**Exercise:** In the entries that follow, repeat exactly the lines from the one that has "胡散臭い通販商品みたいなあだ名 | 『前代未聞の健康食品…その名も「アツァン」』 |" through the one that has "Niet iedereen kan", but omit pictures.

Source data:
+---+
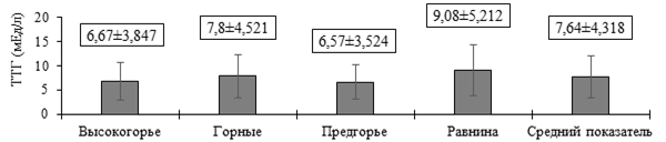 Распределение ТТГ по высотным зонам характеризуется выраженной асимметрией: в равнинных районах фиксируются максимальные средние значения с наибольшим разбросом данных, что отражает высокую вариабельность йодного статуса. Горная зона демонстрирует сочетание повышенного среднего уровня гормона со значительным разбросом. Предгорные территории выделяются минимальными средними величинами и наименьшей вариабельностью, указывая на относительную однородность популяции. Для высокогорья типичны умеренные колебания значений при выраженном йододефиците. Интегральный показатель по территории маскирует региональные диспропорции, подчеркивая необходимость зонально-ориентированных профилактических стратегий (рисунок).
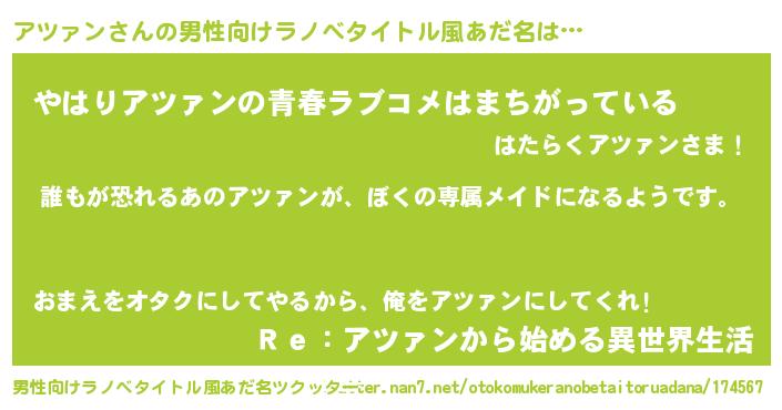 | 胡散臭い通販商品みたいなあだ名 | 『前代未聞の健康食品…その名も「アツァン」』 |
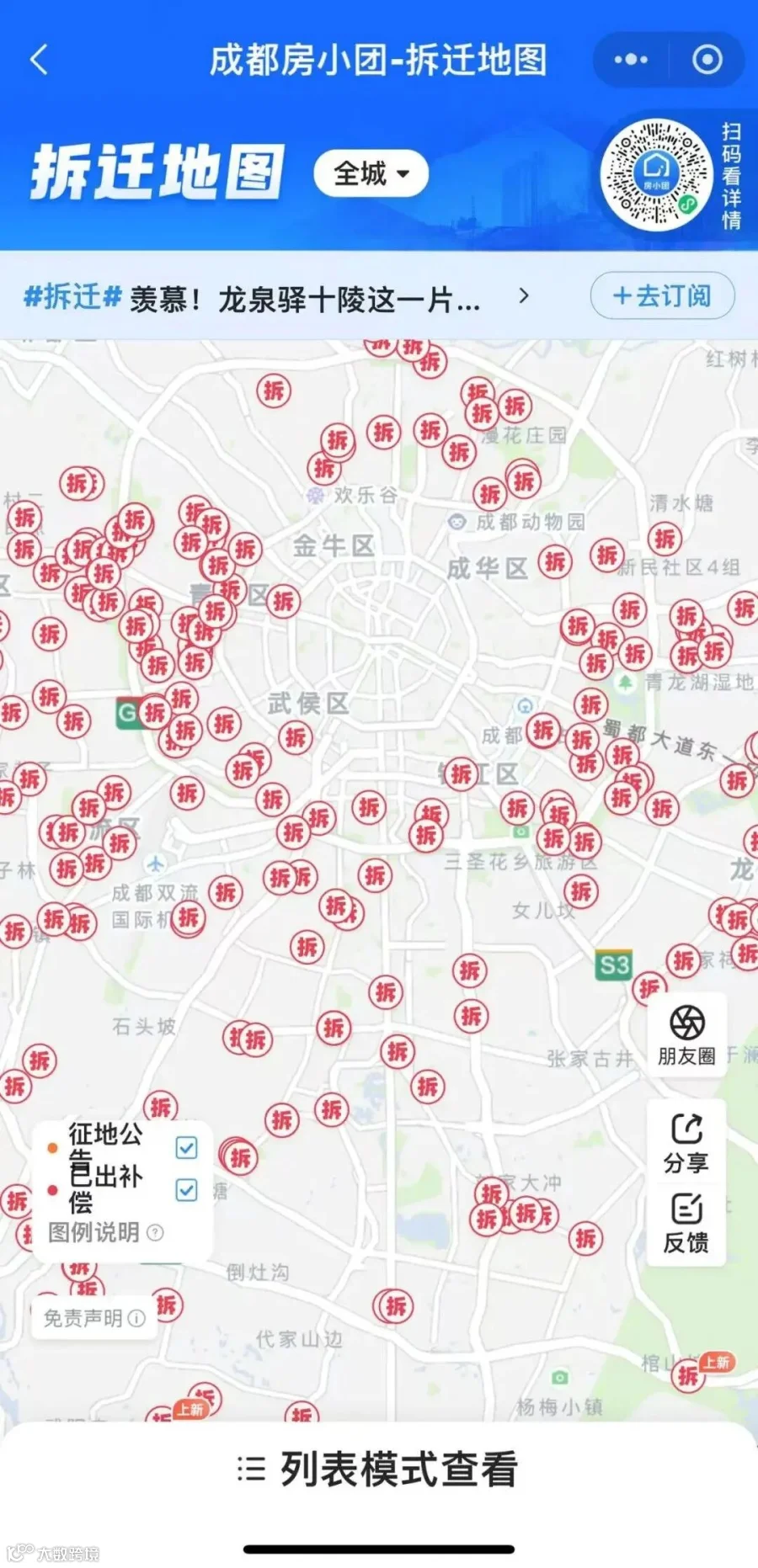 记者查询该图片来源小程序(成都房小团)并对照相关政府官网文件发现,相关拆迁项目存在,但并非网传的近日突然集中爆发,而是一年内或更长时期内陆续产生的。
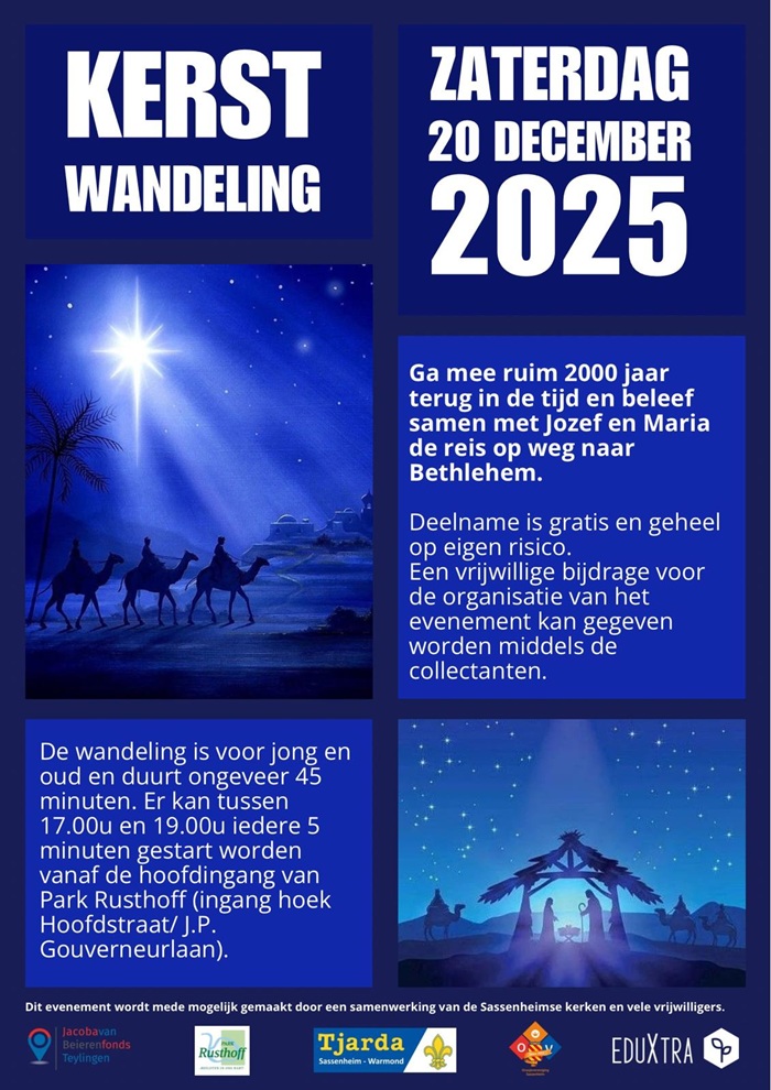 Niet iedereen kan tegelijk naar binnen, dus kies zelf het meest geschikte moment tussen 17.00 en 19.00 uur op zaterdagmiddag/avond om de wandeling te starten. Deze kerstwandeling wordt georganiseerd door de gezamenlijke kerken van Sassenheim in samenwerking met onder andere de evenementencommissie van park Rusthoff en waterscouting Tjarda en vele vrijwilligers van verschillende verenigingen.
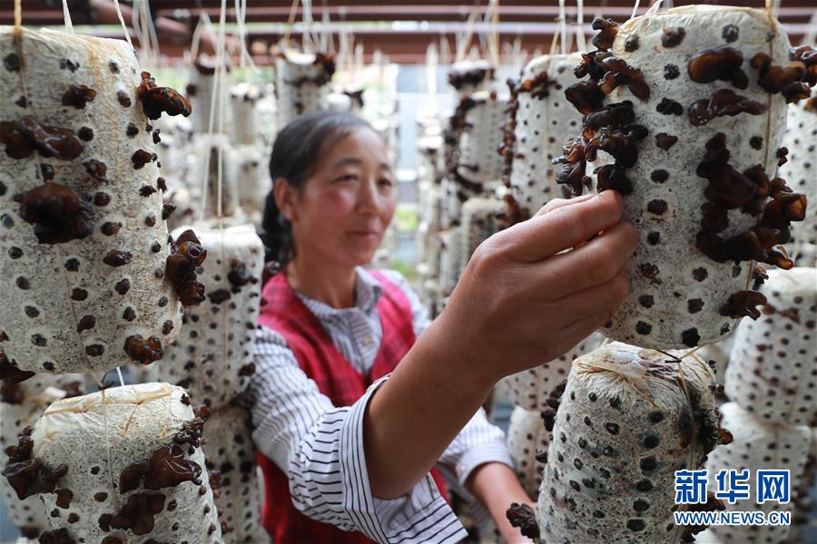 7月16日,在舟曲县曲瓦乡城马村,村民在摘木耳。 近年来,甘肃省甘南藏族自治州舟曲县在脱贫攻坚中,结合当地资源优势与环境特点,大力发展特色农产品种植和林下养殖,促进当地农民增收致富。 新华社发(杜哲宇 摄)
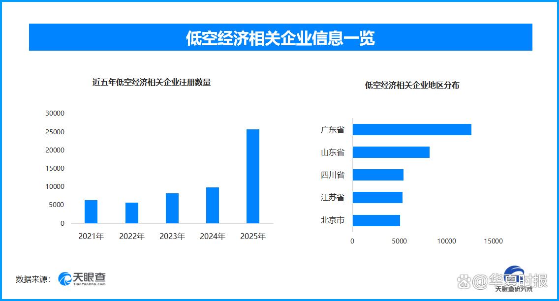 天眼查专业版工商信息数据显示,截至目前我国现存在业、存续状态的低空经济相关企业超10万家。其中,2025年新增注册相关企业超2.5万余家,从企业注册数量趋势来看,近五年间,低空经济相关企业的注册数量呈现稳步增长态势,但在2025年呈现出显著增长,同比增长达162.36%,并达到峰值。
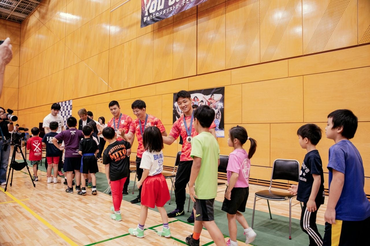 当日は、全国から100名を超えるジュニアレスラー(幼年~中学3年生)が参加。午前の部では、ゲストであるパリ五輪メダリストの文田健一郎(グレコローマンスタイル60kg級)、樋口黎(フリースタイル57kg級)、高谷大地(フリースタイル74kg級)らからジュニアレスターたちに特別技術指導が行われました。
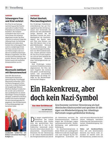 Geschworene werteten Tätowierung als buddhistisches Glückssymbol und sprachen 32-Jährigen von Wiederbetätigung frei. Allerdings Haftstrafe wegen gefährlicher Drohung.
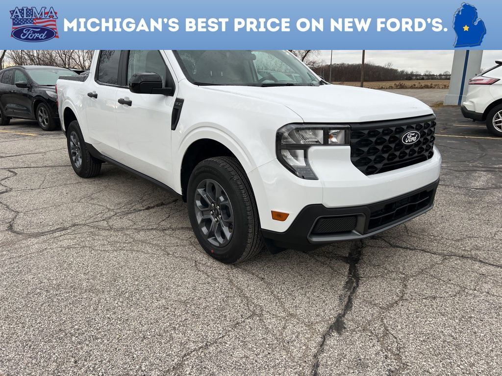 2025 Ford Maverick XLT Oxford White New Ford Vehicles â" Best Price Guarantee at Alma Ford Under new ownership and family-run, Alma Ford is your destination for new Ford vehicles at the best possible price. We offer a Best Price Guarantee and top dollar for your trade â" weâre actively buying inventory and wonât be beat on trade-in value. Best Price Guarantee on New Fords We Pay More for Trades Home Delivery Available Looking for something specific? If we donât have exactly what you want, weâre offering Ford Employee Pricing on 2026 factory orders. Build it your way and lock in exceptional savings. Choose from the latest Ford lineup, including F-150, Super Duty, Bronco, Bronco Sport, Escape, Edge, Explorer, Expedition, Maverick, Mustang, Mustang Mach-E, Ranger, Transit, and more. Call 989-699-5260 to get started Browse inventory at www.almaford.com Visit us at 2051 W. Monroe, Alma, MI 48801 Alma Ford â" under new ownership and ready to earn your business. 2025 Ford Maverick XLT AWD 8-Speed Automatic EcoBoost 2.0L I4 GTDi DOHC Turbocharged VCT
+---+
**Your response:**
 | 胡散臭い通販商品みたいなあだ名 | 『前代未聞の健康食品…その名も「アツァン」』 |
 记者查询该图片来源小程序(成都房小团)并对照相关政府官网文件发现,相关拆迁项目存在,但并非网传的近日突然集中爆发,而是一年内或更长时期内陆续产生的。
 Niet iedereen kan tegelijk naar binnen, dus kies zelf het meest geschikte moment tussen 17.00 en 19.00 uur op zaterdagmiddag/avond om de wandeling te starten. Deze kerstwandeling wordt georganiseerd door de gezamenlijke kerken van Sassenheim in samenwerking met onder andere de evenementencommissie van park Rusthoff en waterscouting Tjarda en vele vrijwilligers van verschillende verenigingen.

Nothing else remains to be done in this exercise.